UNA CARRERA HACIA LA LUNA
En una fría mañana de enero de 1961, John Fitzgerald Kennedy juraba su cargo frente al Capitolio de Washington. El joven presidente heredaba una situación internacional compleja, fruto –según había esgrimido en su campaña– de las dejaciones e inoperancia de la anterior administración de Eisenhower. La Unión Soviética estaba inmersa en una empresa de dominación global que ya había engullido a media Europa. Su poderío militar era comparable, si no superior, al americano, y su arsenal balístico, inmensamente más poderoso, según la visión preponderante en la época (que no era cierta). El temido comunismo había logrado una cabeza de puente en Cuba, y Estados Unidos arrastraba un enjambre de problemas económicos y sociales gestados durante los años cincuenta.

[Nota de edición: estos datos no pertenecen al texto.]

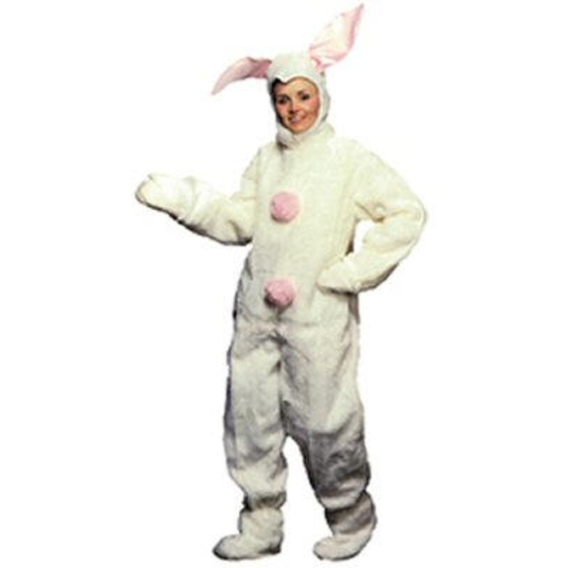 Includes: White acrylic pile plush fur jumpsuit w/zippered back, pink acrylic pile plush tummy (H1091 shown with 2 pink pom poms on belly), pink pom-pom cotton tail, open face fur hood/head w/velco closure under chin, fur shoe covers & mittens.Color: White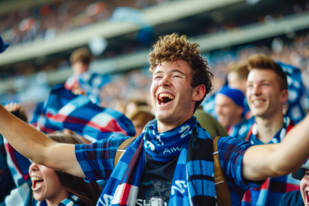 A vibrant scene capturing excited sports fans wearing colorful scarves, showcasing their team spirit and camaraderie in a lively stadium atmosphere.

En ningún campo era mayor la sensación de impotencia frente a la URSS que en el de la exploración espacial. Ni Eisenhower ni Kennedy se mostraron exaltados defensores de este ámbito, pero lo cierto es que, en 1957, con el lanzamiento del primer Sputnik, los rusos habían demostrado poseer medios para lanzar cargas pesadas –léase ingenios nucleares– contra el otro extremo del mundo. EE. UU. no disponía de armas semejantes. Y aquello era un motivo de preocupación real, sobre todo en el contexto de una confrontación permanente como la Guerra Fría.
Carrera espacial
EE. UU. había perdido la carrera por lanzar el primer satélite artificial, pero intentaría ganar la siguiente: poner al primer humano en el espacio. Para ello, la NASA inició el Proyecto Mercury, que tal vez a mediados de los años sesenta conseguiría su objetivo.